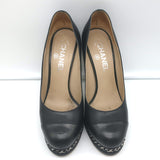 Pre-loved. Good condition. Wear and tear on heels above pins. Light wear on platforms. Tiny scratches in leather on toes. Small, faint scuffs throughout. Insoles are smudged and worn. Comes with box and dustbag. Retails for $975!
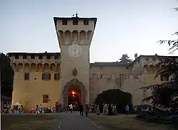 After Eleonora died in 1562, Cosimo's daughter Isabella replaced her as the first lady of Florence. She acted as a surrogate consort and also took over the supervision of Leonora's upbringing.[6] The red-headed Leonora, who possessed a natural charm, was popular in the Medici family. At the age of five, she was reported as being a comfort to Cosimo's second daughter Lucrezia, from whom she became inseparable, when Lucrezia was apart from her husband Alfonso d'Este.[7] Lucrezia died in 1561, leaving Isabella as Cosimo's only surviving daughter; the grand duke was, however, extremely fond of Leonora, and treated her as his own daughter. He was charmed by her vivacity and physical vigour—she delighted in horsemanship and arms—though he occasionally gently reminded her to behave with more decorum.[4] Owing to the close family and political ties between the House of Medici and the viceroyal family of Toledo, a marriage was arranged between Leonora and Cosimo's son Pietro, with whom she had grown up and who was of a similar age. The couple were betrothed in 1568 when Leonora was 15, with the approval of Philip II of Spain. Garcia Álvarez de Toledo provided her with a dowry of 40,000 gold ducats.[d] They were married at the Palazzo Vecchio in April 1571, and it was reported that Pietro had to be forced to consummate the union.[e] On 10 February 1573, Leonora gave birth to a son, Cosimo ("Cosimino"), who was the sole male Medici heir in this generation until his death three years later, in August 1576, one month after his mother's death.[10][f]
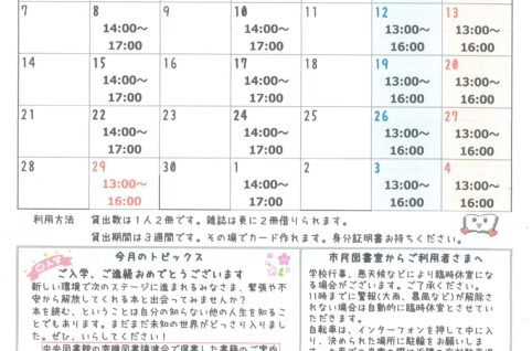 なだのはま小学校市民図書室ニュース4月号
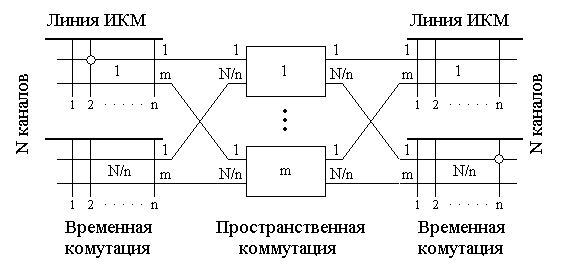Тип коммутации, приведённой на схеме, называют время – пространство – время (В – П – В). Как и на рисунке 3.13, здесь число входящих и исходящих каналов равно N. Эти каналы представлены в N/n входящих и исходящих линиях ИКМ. Работа такой коммутационной схемы аналогична работе трёхзвенной пространственной коммутационной (смотри рисунок 3.13). В пространственных коммутаторах второй ступени устанавливаются соединения временных каналов исходящих и входящих линий ИКМ [1].
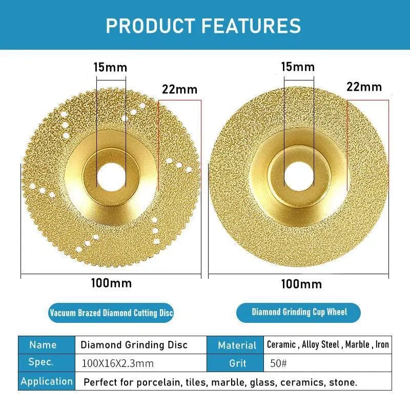 - Dual Function: Functions as both a cutting disc (for straight lines) and a Diamond Grinding Cup Wheel (for shaping and smoothing edges).
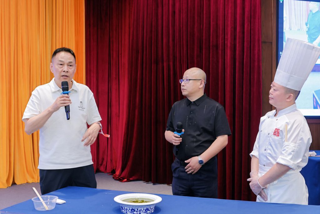 烹飪過(guò)程中,在中國(guó)烹飪大師劉全剛采訪交流下,2位總廚不僅展示了各自菜品的烹飪要點(diǎn)和菜品特色,還分享了自己的烹飪心得和技巧。著名烹飪大師肖見(jiàn)明現(xiàn)場(chǎng)品鑒點(diǎn)評(píng)到:”兩道作品既守住川菜魂,又開辟新思路,為傳統(tǒng)技藝注入現(xiàn)代活力,非常棒!值得我們新生代餐飲廚師學(xué)習(xí)!”

● HOW TO COMPLETE THIS TASK:
Output exactly those lines of the data above that run from the line with "After Eleonora died" up to and including the line with "なだのはま小学校市民図書室ニュース4月号". No pictures go in.

● TASK RESULT:
 After Eleonora died in 1562, Cosimo's daughter Isabella replaced her as the first lady of Florence. She acted as a surrogate consort and also took over the supervision of Leonora's upbringing.[6] The red-headed Leonora, who possessed a natural charm, was popular in the Medici family. At the age of five, she was reported as being a comfort to Cosimo's second daughter Lucrezia, from whom she became inseparable, when Lucrezia was apart from her husband Alfonso d'Este.[7] Lucrezia died in 1561, leaving Isabella as Cosimo's only surviving daughter; the grand duke was, however, extremely fond of Leonora, and treated her as his own daughter. He was charmed by her vivacity and physical vigour—she delighted in horsemanship and arms—though he occasionally gently reminded her to behave with more decorum.[4] Owing to the close family and political ties between the House of Medici and the viceroyal family of Toledo, a marriage was arranged between Leonora and Cosimo's son Pietro, with whom she had grown up and who was of a similar age. The couple were betrothed in 1568 when Leonora was 15, with the approval of Philip II of Spain. Garcia Álvarez de Toledo provided her with a dowry of 40,000 gold ducats.[d] They were married at the Palazzo Vecchio in April 1571, and it was reported that Pietro had to be forced to consummate the union.[e] On 10 February 1573, Leonora gave birth to a son, Cosimo ("Cosimino"), who was the sole male Medici heir in this generation until his death three years later, in August 1576, one month after his mother's death.[10][f]
 なだのはま小学校市民図書室ニュース4月号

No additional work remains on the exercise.